Data Visualization Week 3 Project

Initial Start

The process for this assignment was pretty neat. I don’t have much background in data visualization but I figured I could mess around with the tools and see what happens. Initially, I had no clue what the tools on rawgraphs.io did in detail. Once I got a better feel for what I wanted to represent, I thought more clearly about which graph to use.

low quality visual

For this first graph, I added every piece of data we had on the baby names. I realized here that it wouldn’t be necessary (or even wise at times) to include everything. Just because we have a piece of information doesn’t mean it needs to be used. I am sure that it could be made to look better, but using these color selections and font size/ordering, this is pretty much about as bad as it can get and a reference point of what not do.

My Actual Graph

names on the left art sorted by number of times they are in the top 10 for a given year. the years on the right are out of order, explained later

I was very pleased with this graph. It uses 3 points of information (but shows 4, I will elaborate in a moment). I used the Alluvial Diagram. The pieces of information I used were the Names, Years, and Count. I added color to denote gender, but it wasn’t explicitly data that was fed into the site. We are disregarding rank. I would rather have clarity in a graph showing how many times a name was in the top 10 names of the year rather than including its exact rank in a given year. That would be pretty complicated regardless because that would account for 200 different points of additional data to be included. Top 10 of both genders for 10 years could make the clarity of the graph confusing.

Limitations

names are not sorted alphabetically by the count for how many times they are the top name for the decade is now unclear. the years are sorted in order.

This graph is similar, but the years are sorted on the right. The drawback is the left where name frequency was clear is now lost. Ideally, I could have sorted both sides (one by year order and names by count), but I am limited by the tools available on the site and I couldn’t figure out a way to show both to my liking. In the end, I went with the first one.

Connection to the reading

Websites that require information about gender as part of their account registration process almost always only provide a binary choice: “male or female.”undefined For Munir, those options are insufficient.
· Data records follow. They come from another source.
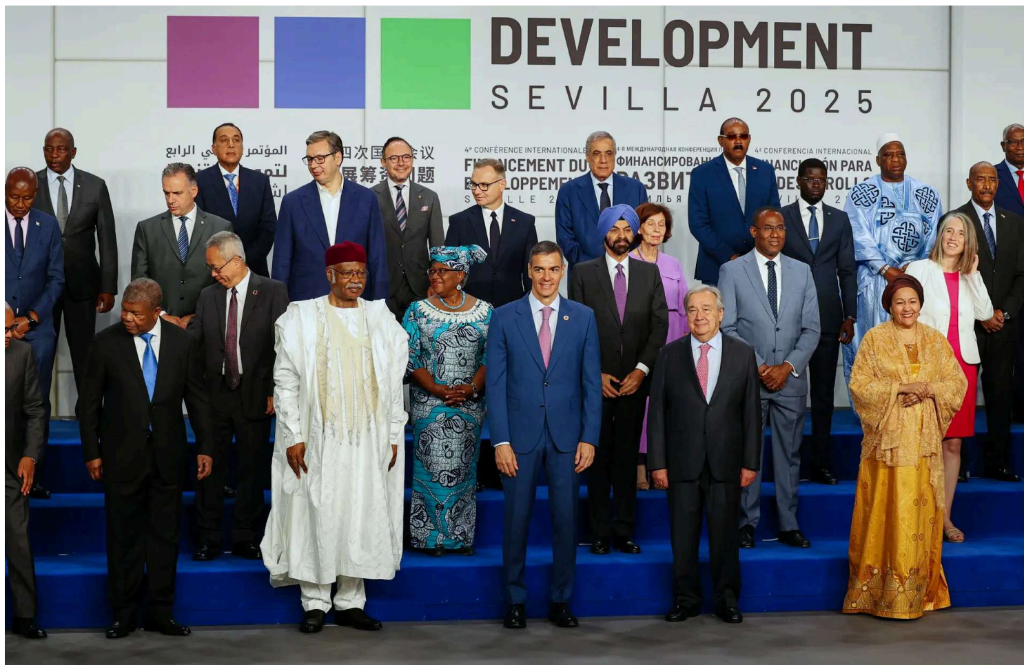
Spanish Prime Minister Pedro Sanchez (C) and U.N. Secretary-General Antonio Guterres with national leaders and representatives at the start of the four-day Financing for Development meeting, in Sevilla, Spain, on June 30, 2025.
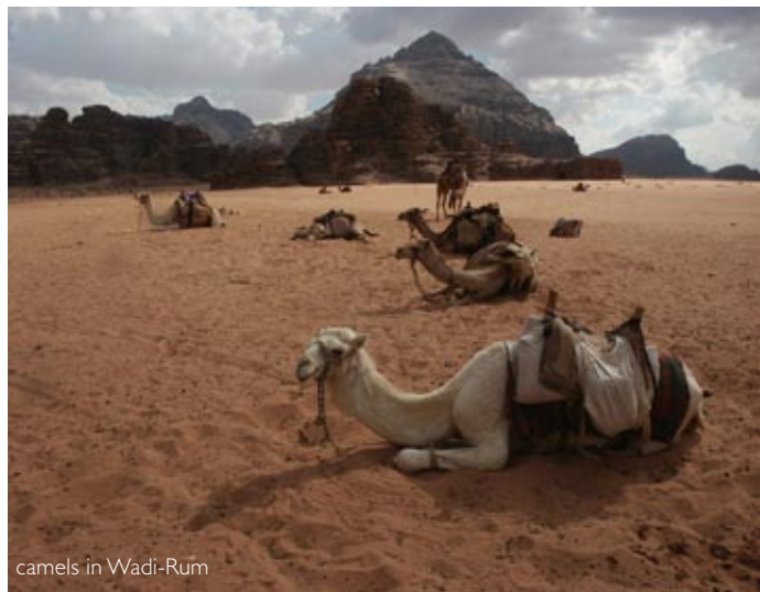
camels in Wadi-Rum

It’s hard to put into words the mystic of this Kingdom. It’s captivating and historic, filled with friendly people and delicious food. My evenings were spent dancing to Jordanian music and feasting on Middle Eastern cuisine. At the end of this journey, I was sad to leave but thankful to have experienced the magic and beauty which lies beneath the Jordan moon.
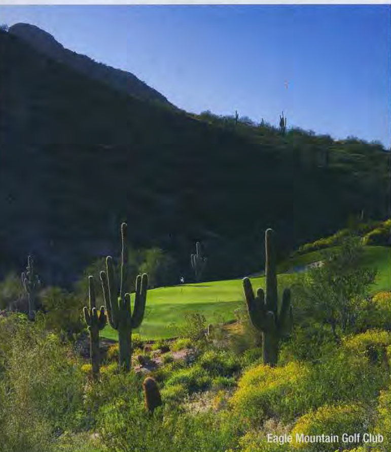
Eagle Mountain Golf Club

Most courses built around this area during the past two decades are "target" courses. To conserve water, they are designed with strategic grass areas that leave a lot of raw desert as hazard. Phoenix is surrounded by mountain foothills and giant Saguaro
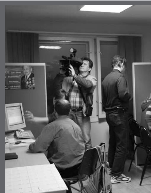
The mission call center recorded over 4,000 for spiritual guidance.
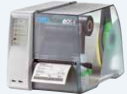
Label printers EOS4 Desktop device for label rolls up to diameter 203 mm
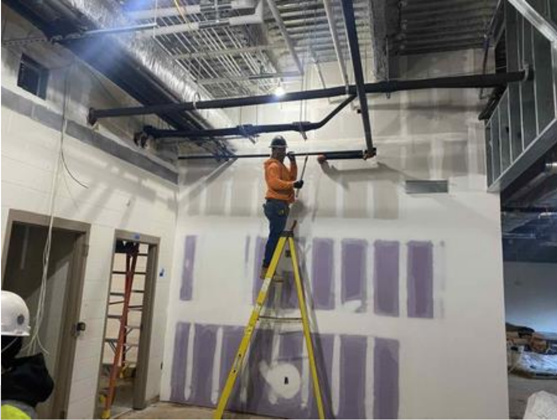
Sprinkler pipe installation
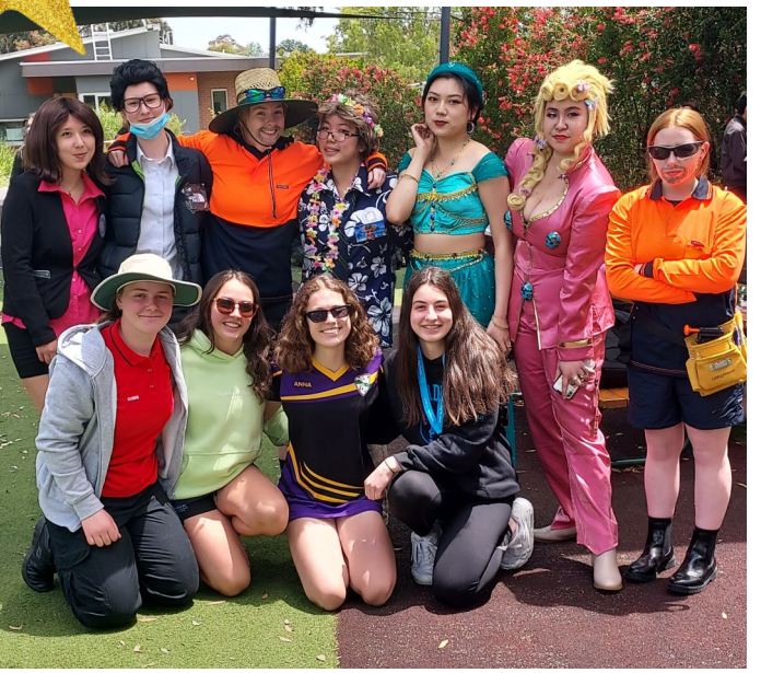
Fancy Dress 2021

Page 6 Alumni Monthly Newsletter Issue 11 - December 2023
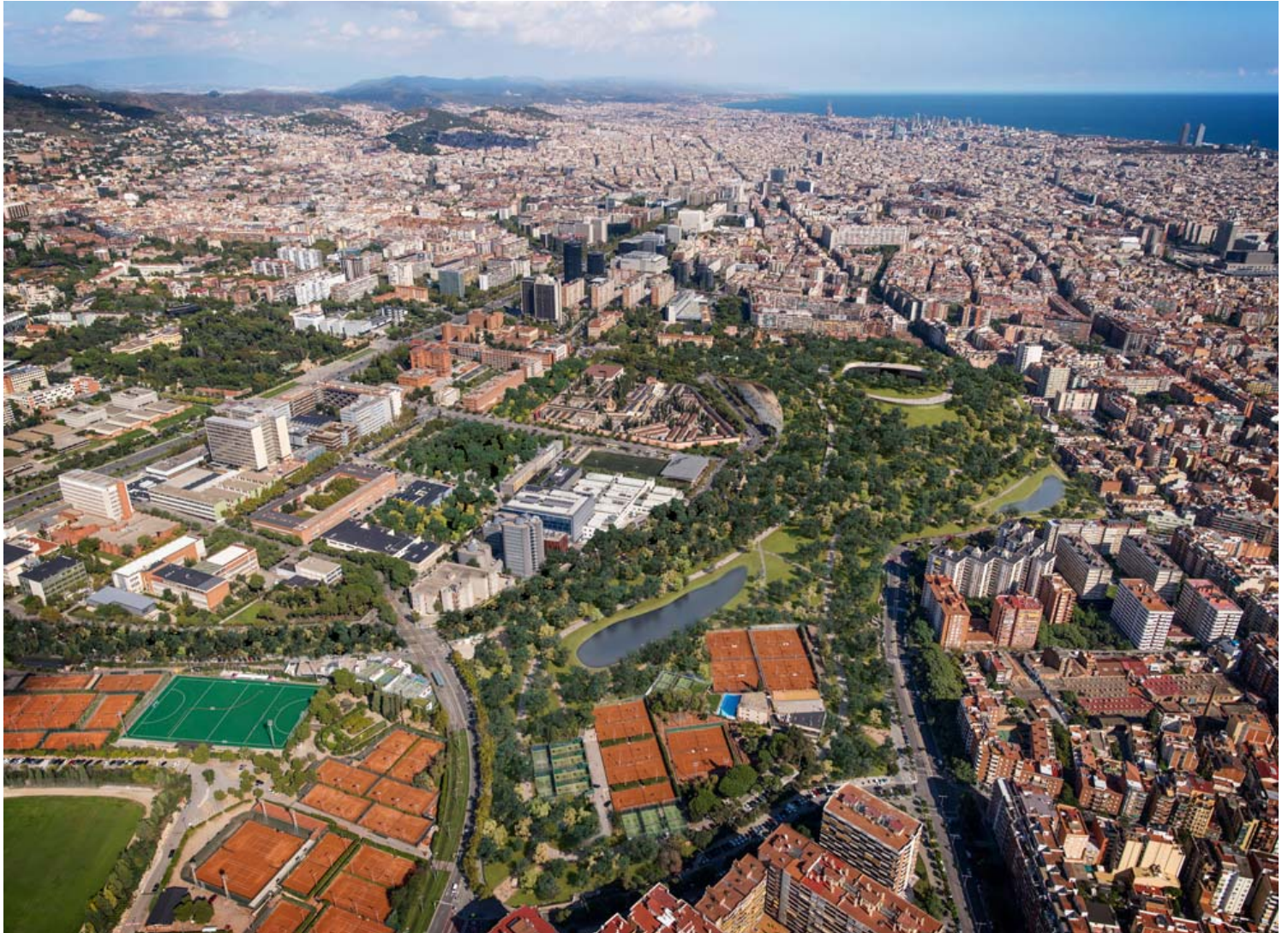
Aerial view of the Camp Nou renaturation proposal. Project by ON-A Architecture. © ON-A

They also take an emotional toll: “I wince as I’m forced to choose ‘female’ over ‘male’ every single time, because that’s what my passport says, and … being non-binary is still not legally recognised in the UK,” Munir explains.

https://data-feminism.mitpress.mit.edu/pub/h1w0nbqp/release/3

In a changing world, the method in which things are done needs to be adapted. This includes gender representation. As mentioned with signing up for websites, it is the mandatory binary selections that are part of the issue. I created a scenario where this same data is found, but from another angle:

There are some things to consider. For example, let’s say you took a survey of most common names of people in 2040 of those born in the years 2001-2010. The information may not look the same. Maybe some undergo gender changes, become non-binary, or change their names to where their birth names are now considered dead names. The data may not look identical. Further, it won’t come from a sample of people born (where gender can be logged as binary, being the assigned gender at birth), the people will be consenting adults where some people may choose to decline to participate. If such as study is made, these limitations and constraints should be noted for an informed and transparent study.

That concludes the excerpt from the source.